Uterine carcinosarcoma is a rare tumor, and synchronous cancer has been reported in only a few cases to the best of our knowledge. A case of synchronous uterine carcinosarcoma and infiltrating ductal carcinoma of the contralateral breast after tamoxifen treatment due to breast cancer has been reported [2]. A case of simultaneous diagnosis of the carcinosarcoma of the broad ligament, papillary serous cystadenocarcinoma of the ovary, and endometrioid adenocarcinoma of the endometrium was also reported [3]. In addition, synchronous large bowel adenocarcinoma and extragenital carcinosarcoma have been reported [4].

Uterine carcinosarcoma has similar risk factors to endometrial carcinomas [5]. These cancers are known to be associated with obesity, nulliparity, and the use of exogenous estrogen and tamoxifen. Contraceptives containing progesterone are known to be protective for these cancers. A history of pelvic radiation exposure is also a risk factor for the development of uterine carcinosarcoma. Breast and colorectal cancers are also associated with some of the above risk factors (i.e., hormonal imbalance, obesity, and metabolic syndrome). Furthermore, the presence of hereditary nonpolyposis colorectal cancer, as a genetic factor, is associated with cancer, such as colon and endometrial cancers [6]. In this case, the patient had a BMI of 24.3 and no specific risk factors associated with her cancers.

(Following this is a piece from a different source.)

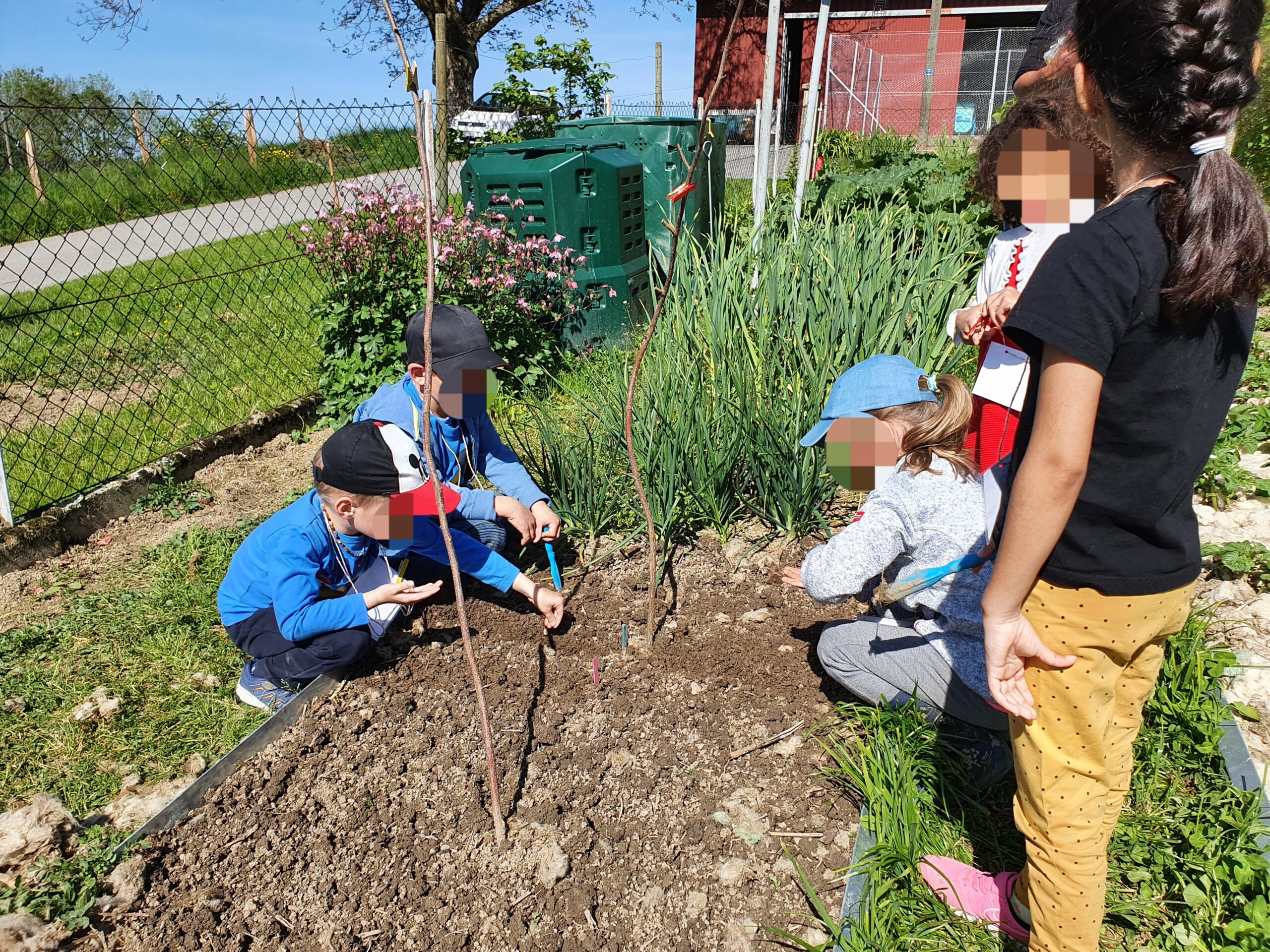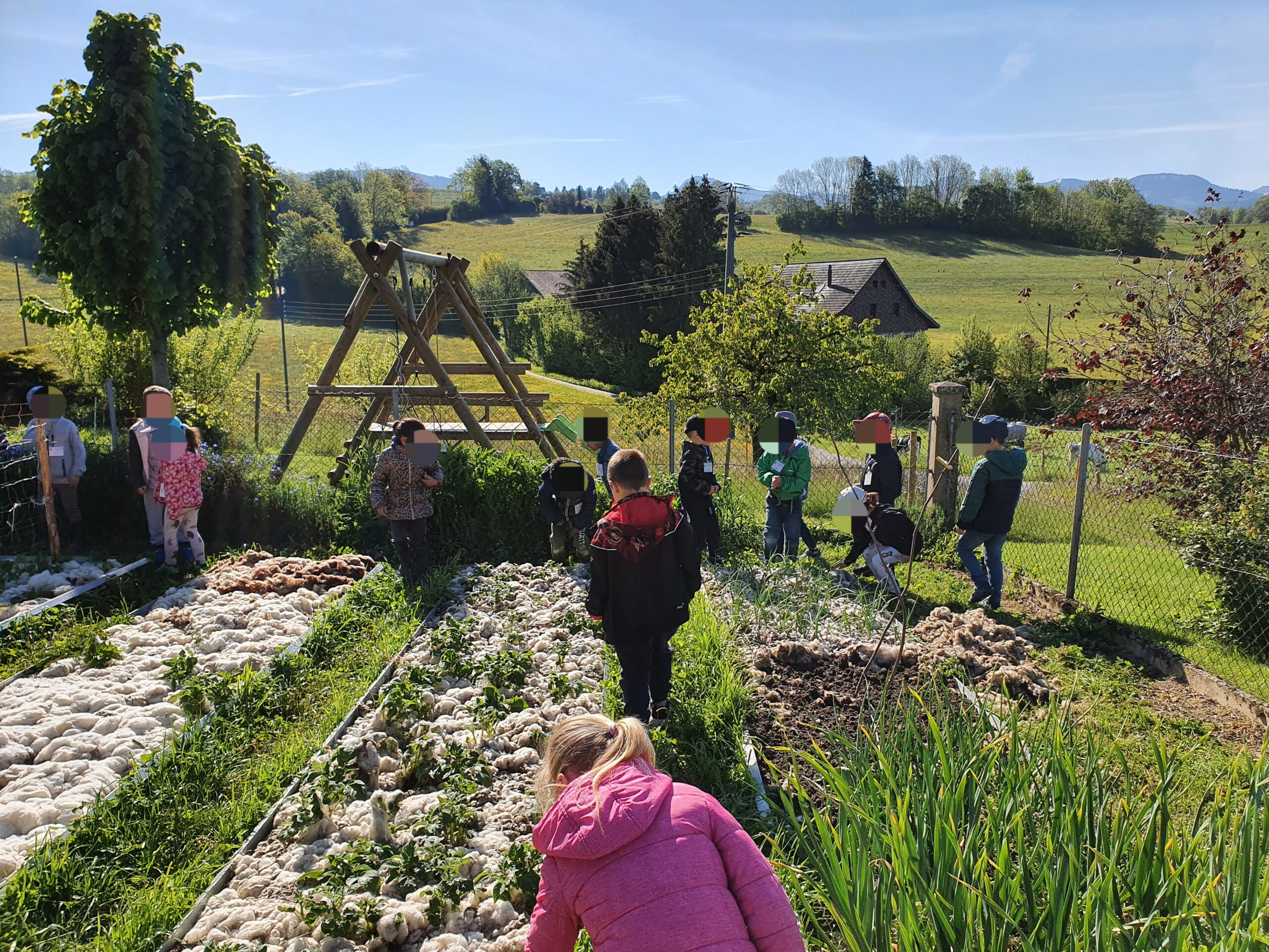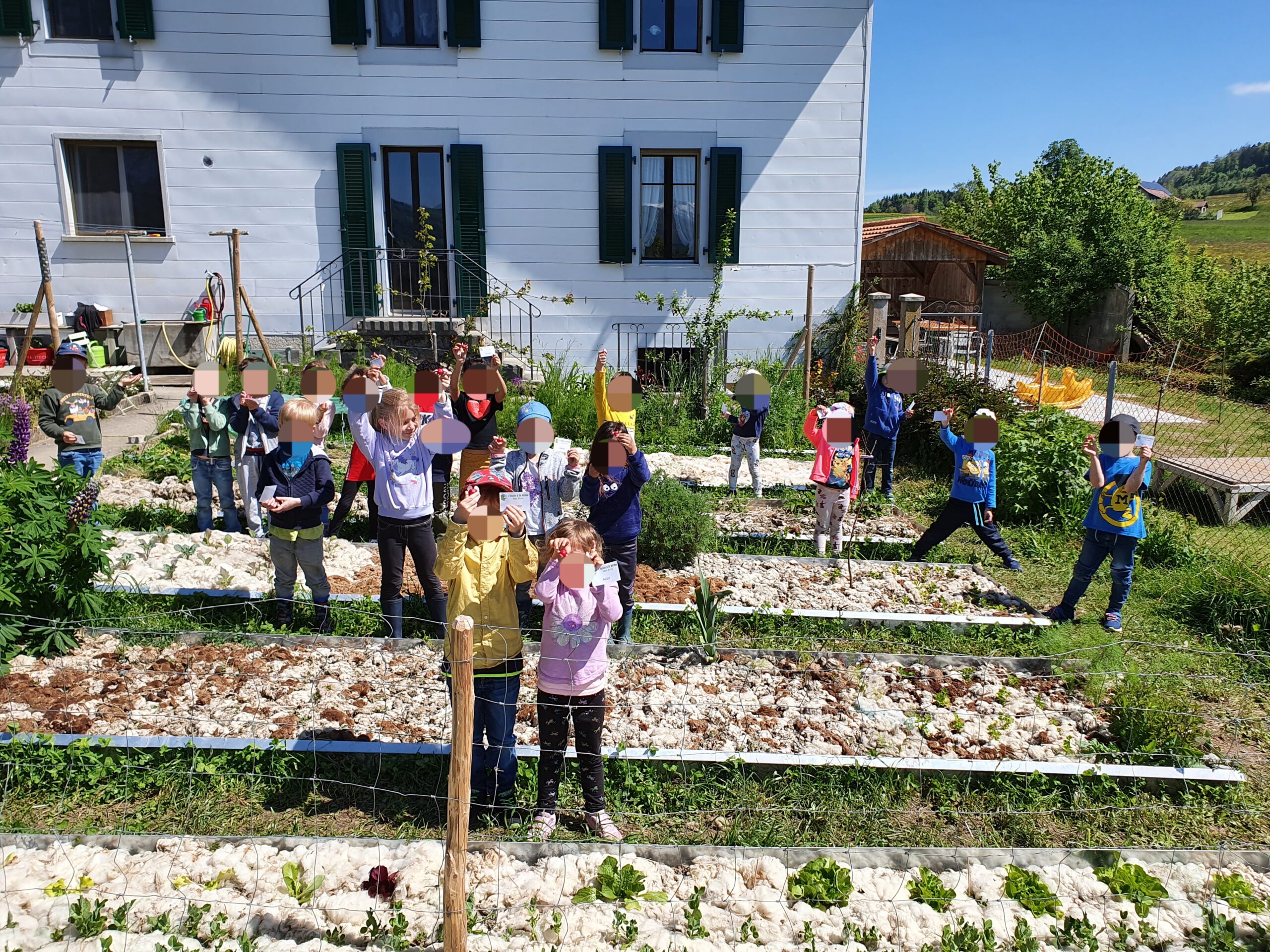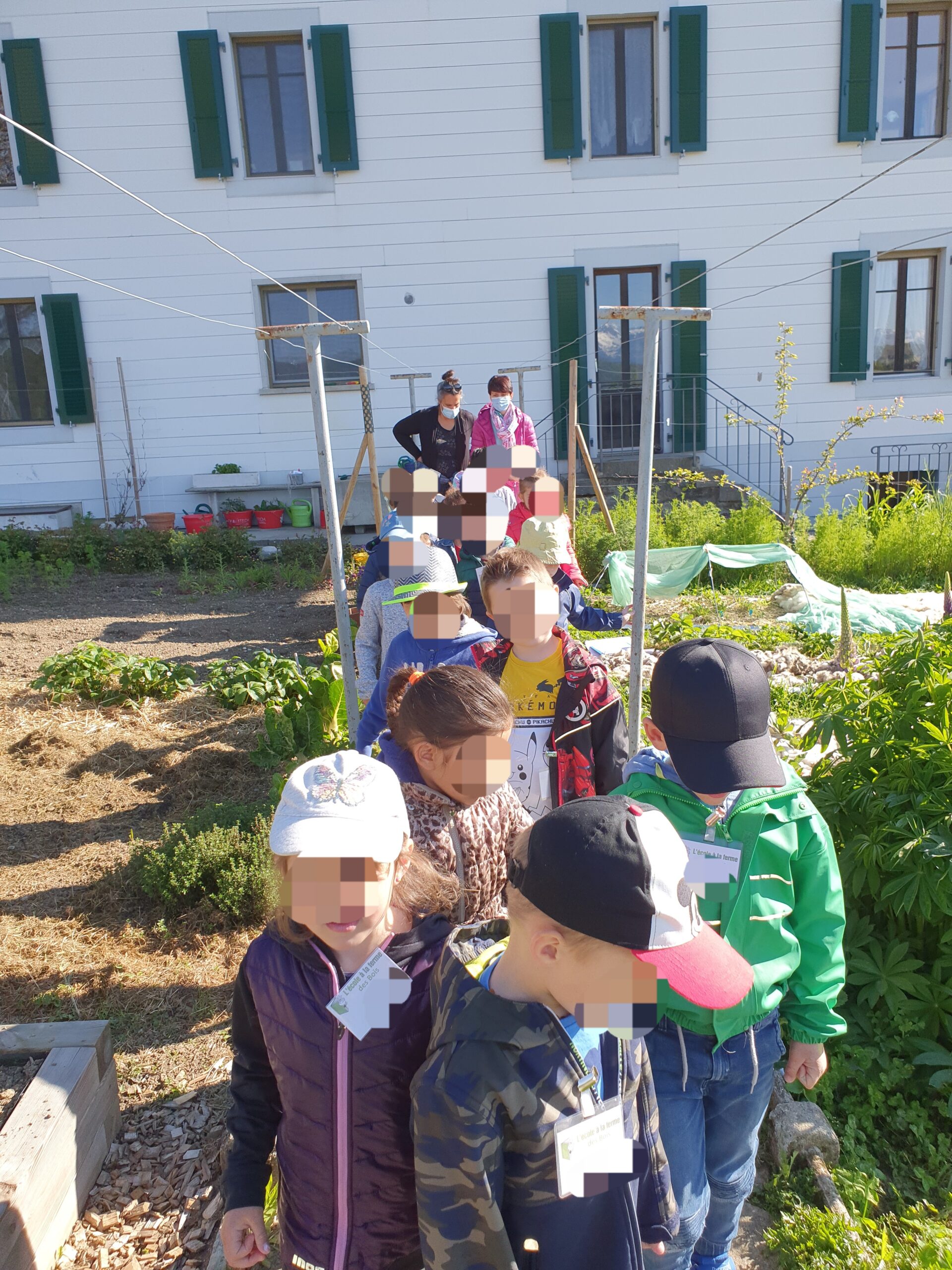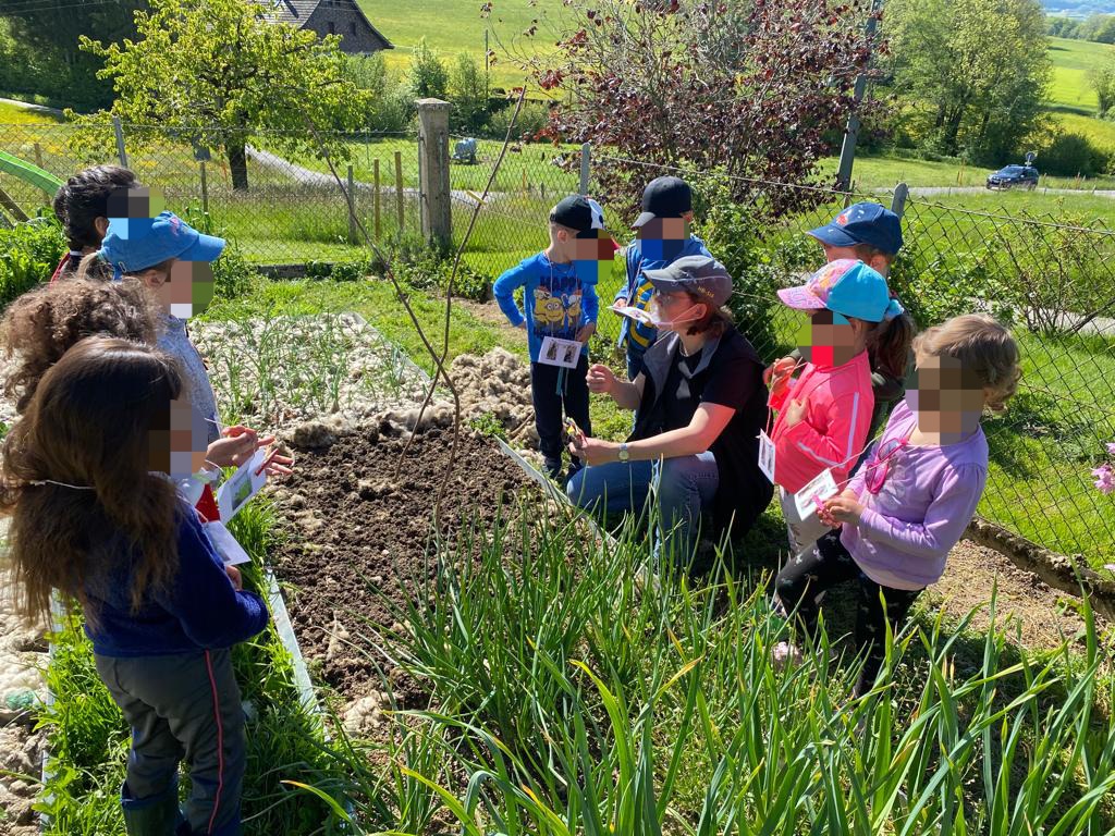 Ce vendredi matin, les élèves 1-2P de Annik Colomb sont venus découvrir le potager.

Uterine carcinosarcoma is difficult to treat and the treatment method is controversial. Depending on the patient's case, radiotherapy or chemotherapy is performed [7]. This patient had pelvic bone and lymph node metastasis of uterine carcinosarcoma; therefore, concurrent chemoradiation therapy was performed. At present, the progression of uterine carcinosarcoma among the 3 cancers seems to be the most important determinant for the prognosis of the patient.

In summary, a rare case of synchronous uterine carcinosarcoma, breast cancer, and colon cancer has been reported. Some environmental, molecular, and genetic factors may be associated with this case. By studying these cases, we would better understand the pathophysiology of these cancers.

Statement of Ethics

The authors have no ethical conflicts to disclose.

Disclosure Statement

No potential conflicts of interest relevant to this article were reported.